*Data*.
::::

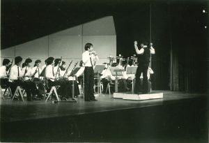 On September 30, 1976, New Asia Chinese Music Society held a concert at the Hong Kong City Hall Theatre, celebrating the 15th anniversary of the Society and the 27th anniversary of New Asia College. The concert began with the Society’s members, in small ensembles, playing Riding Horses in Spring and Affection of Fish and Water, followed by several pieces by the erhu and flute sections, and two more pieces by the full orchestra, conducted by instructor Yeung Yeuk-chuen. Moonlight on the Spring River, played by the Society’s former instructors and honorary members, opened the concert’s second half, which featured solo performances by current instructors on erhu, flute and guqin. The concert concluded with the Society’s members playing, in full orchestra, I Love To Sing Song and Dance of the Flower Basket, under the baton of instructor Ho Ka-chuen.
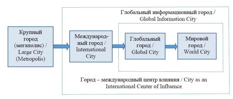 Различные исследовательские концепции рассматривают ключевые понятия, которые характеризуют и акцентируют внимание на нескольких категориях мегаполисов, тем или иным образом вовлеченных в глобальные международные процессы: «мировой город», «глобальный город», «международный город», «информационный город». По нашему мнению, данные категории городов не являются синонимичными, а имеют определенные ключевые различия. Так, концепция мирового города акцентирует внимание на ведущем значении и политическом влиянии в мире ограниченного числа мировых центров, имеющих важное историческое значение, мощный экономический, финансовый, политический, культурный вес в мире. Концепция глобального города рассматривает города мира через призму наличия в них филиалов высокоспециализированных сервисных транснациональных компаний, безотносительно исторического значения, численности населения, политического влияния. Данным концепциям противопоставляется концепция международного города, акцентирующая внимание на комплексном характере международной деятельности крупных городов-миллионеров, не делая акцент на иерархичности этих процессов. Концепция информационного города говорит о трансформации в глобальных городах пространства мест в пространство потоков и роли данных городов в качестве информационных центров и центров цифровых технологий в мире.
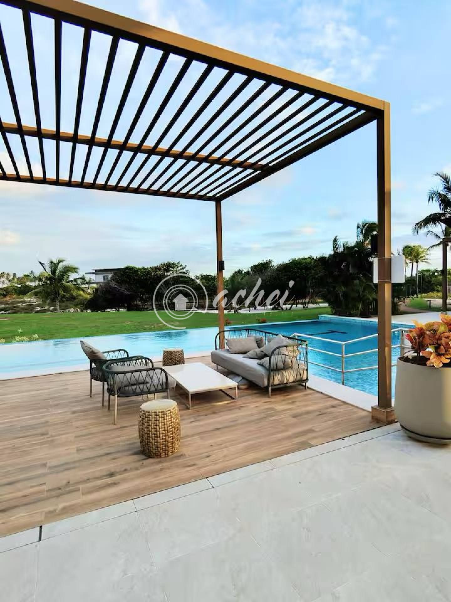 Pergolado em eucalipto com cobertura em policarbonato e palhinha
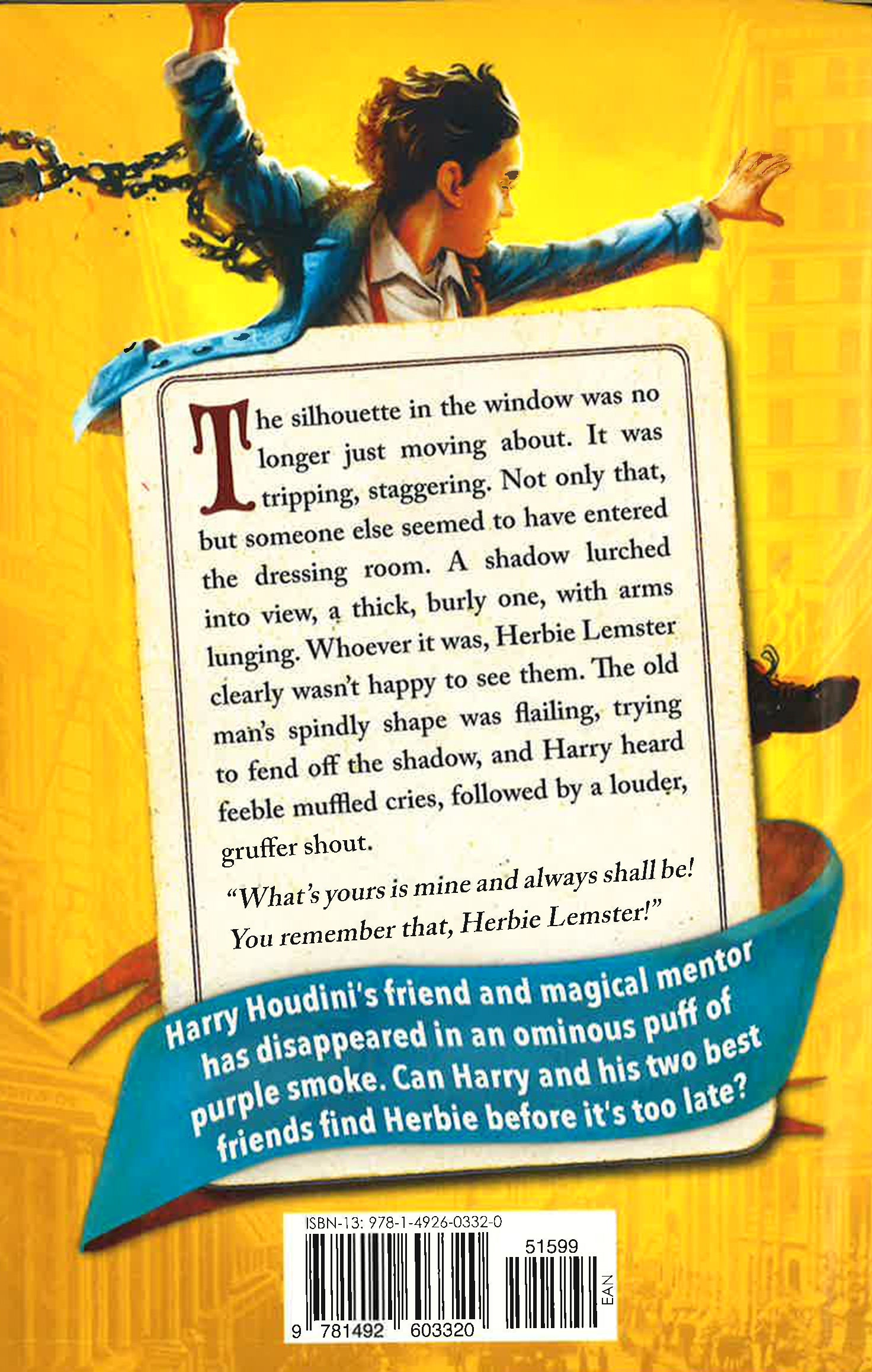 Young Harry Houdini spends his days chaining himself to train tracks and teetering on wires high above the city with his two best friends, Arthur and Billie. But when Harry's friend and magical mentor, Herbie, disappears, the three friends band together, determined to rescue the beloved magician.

::::

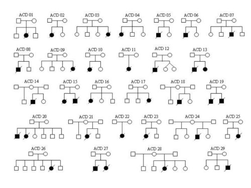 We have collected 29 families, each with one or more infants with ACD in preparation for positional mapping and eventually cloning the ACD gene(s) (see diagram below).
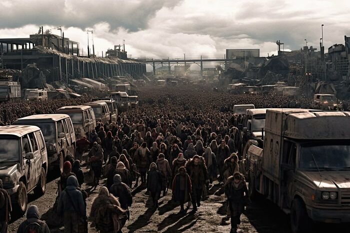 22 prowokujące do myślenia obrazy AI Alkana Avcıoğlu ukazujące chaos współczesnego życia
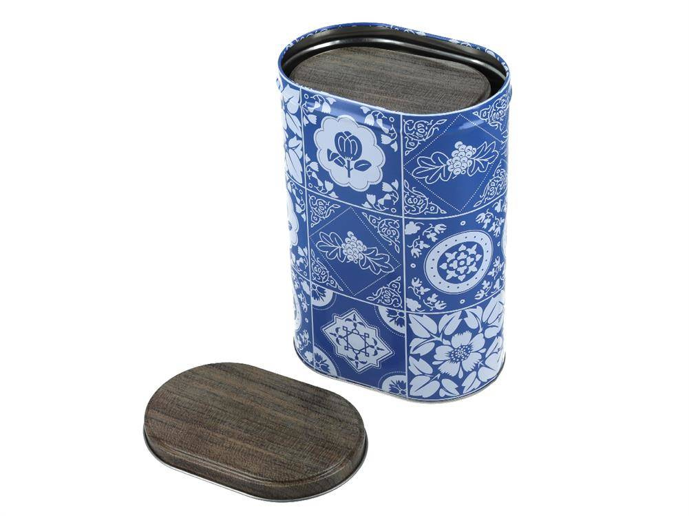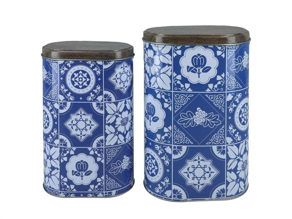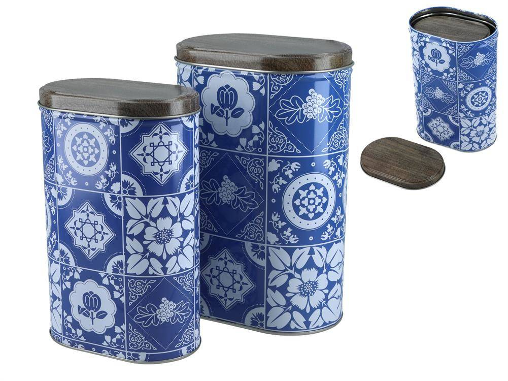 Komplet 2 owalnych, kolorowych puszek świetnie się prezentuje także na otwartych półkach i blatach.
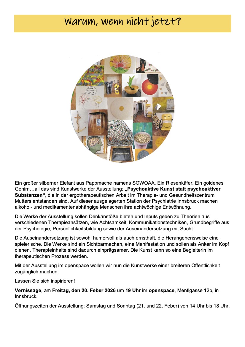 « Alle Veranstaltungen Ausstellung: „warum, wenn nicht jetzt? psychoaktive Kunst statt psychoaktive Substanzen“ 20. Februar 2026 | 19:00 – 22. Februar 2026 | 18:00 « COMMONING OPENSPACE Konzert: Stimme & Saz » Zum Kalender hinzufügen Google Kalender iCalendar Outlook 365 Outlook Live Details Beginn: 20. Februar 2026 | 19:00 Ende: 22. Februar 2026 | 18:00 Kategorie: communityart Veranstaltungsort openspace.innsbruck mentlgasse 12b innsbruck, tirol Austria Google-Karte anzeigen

::::

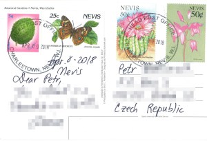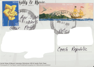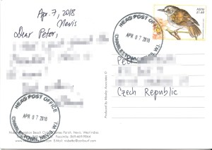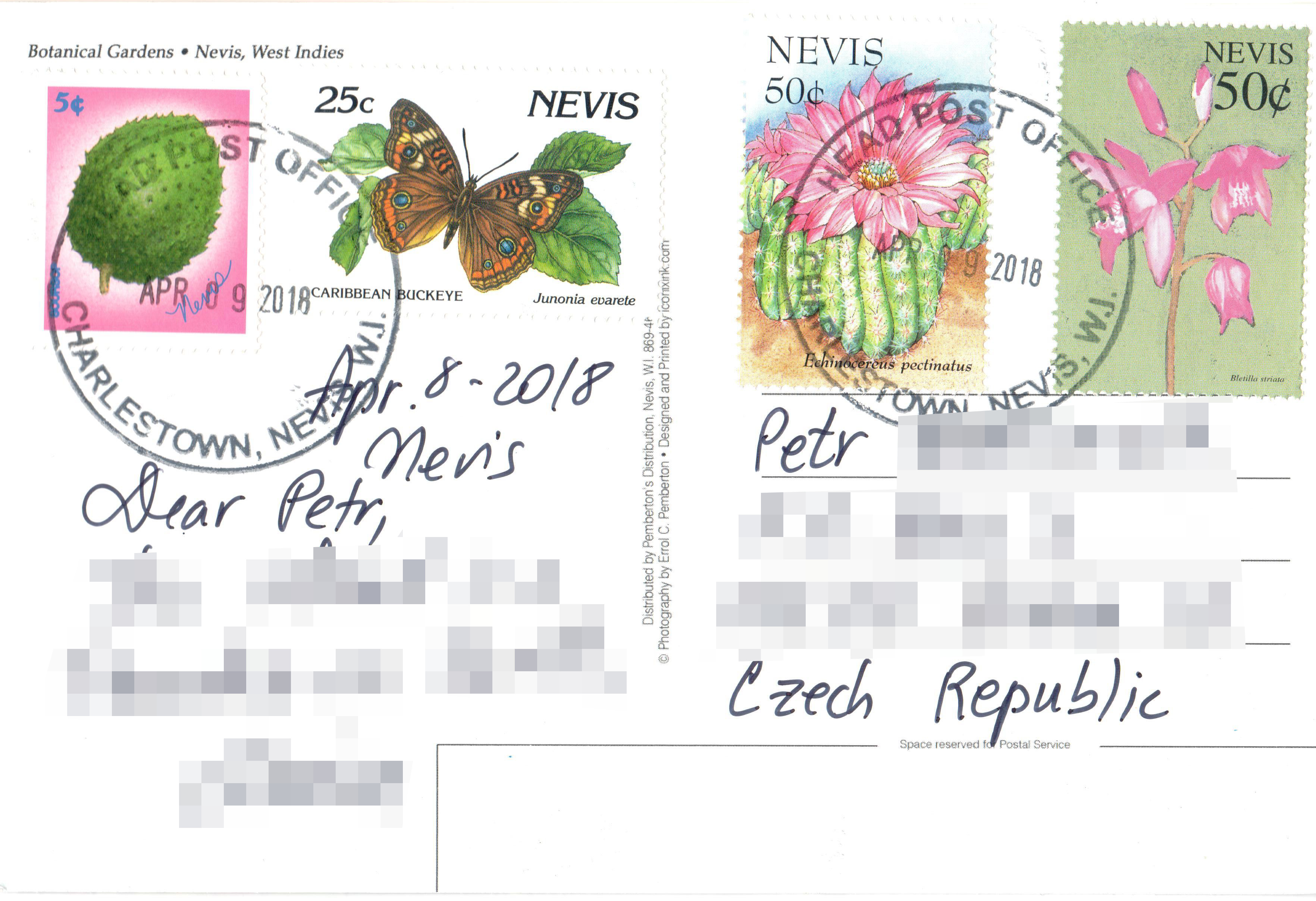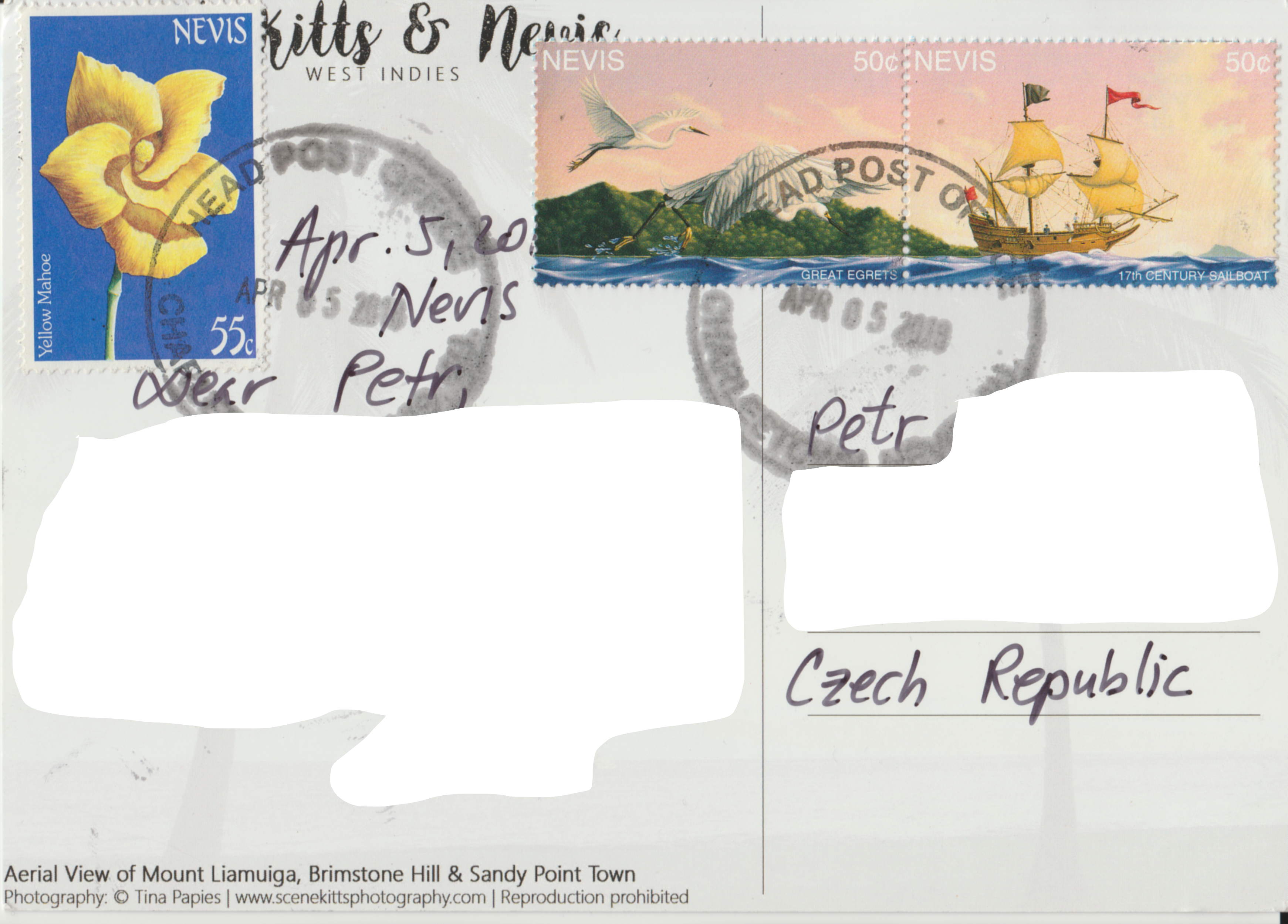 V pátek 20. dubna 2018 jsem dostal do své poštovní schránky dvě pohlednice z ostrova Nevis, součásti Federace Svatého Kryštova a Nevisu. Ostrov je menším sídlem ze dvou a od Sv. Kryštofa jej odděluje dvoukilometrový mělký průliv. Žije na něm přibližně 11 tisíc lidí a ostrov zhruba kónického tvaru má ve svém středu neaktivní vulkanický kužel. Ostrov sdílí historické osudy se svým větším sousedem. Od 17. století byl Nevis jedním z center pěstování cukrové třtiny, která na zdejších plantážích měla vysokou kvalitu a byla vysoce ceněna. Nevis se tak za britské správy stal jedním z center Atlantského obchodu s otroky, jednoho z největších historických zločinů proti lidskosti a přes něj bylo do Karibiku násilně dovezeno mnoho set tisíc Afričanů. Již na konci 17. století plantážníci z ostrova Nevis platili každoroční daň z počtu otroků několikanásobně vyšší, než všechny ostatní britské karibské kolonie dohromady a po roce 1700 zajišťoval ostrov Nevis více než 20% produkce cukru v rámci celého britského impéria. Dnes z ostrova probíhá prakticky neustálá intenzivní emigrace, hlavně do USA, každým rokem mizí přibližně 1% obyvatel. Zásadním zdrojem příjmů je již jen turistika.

::::

*What to do*.
What should come back is an exact copy of the lines above from the line with "We have collected" to the line with "Austria Google-Karte anzeigen", both included, minus the pictures.

*Your response*.
 We have collected 29 families, each with one or more infants with ACD in preparation for positional mapping and eventually cloning the ACD gene(s) (see diagram below).
 22 prowokujące do myślenia obrazy AI Alkana Avcıoğlu ukazujące chaos współczesnego życia
 Komplet 2 owalnych, kolorowych puszek świetnie się prezentuje także na otwartych półkach i blatach.
 « Alle Veranstaltungen Ausstellung: „warum, wenn nicht jetzt? psychoaktive Kunst statt psychoaktive Substanzen“ 20. Februar 2026 | 19:00 – 22. Februar 2026 | 18:00 « COMMONING OPENSPACE Konzert: Stimme & Saz » Zum Kalender hinzufügen Google Kalender iCalendar Outlook 365 Outlook Live Details Beginn: 20. Februar 2026 | 19:00 Ende: 22. Februar 2026 | 18:00 Kategorie: communityart Veranstaltungsort openspace.innsbruck mentlgasse 12b innsbruck, tirol Austria Google-Karte anzeigen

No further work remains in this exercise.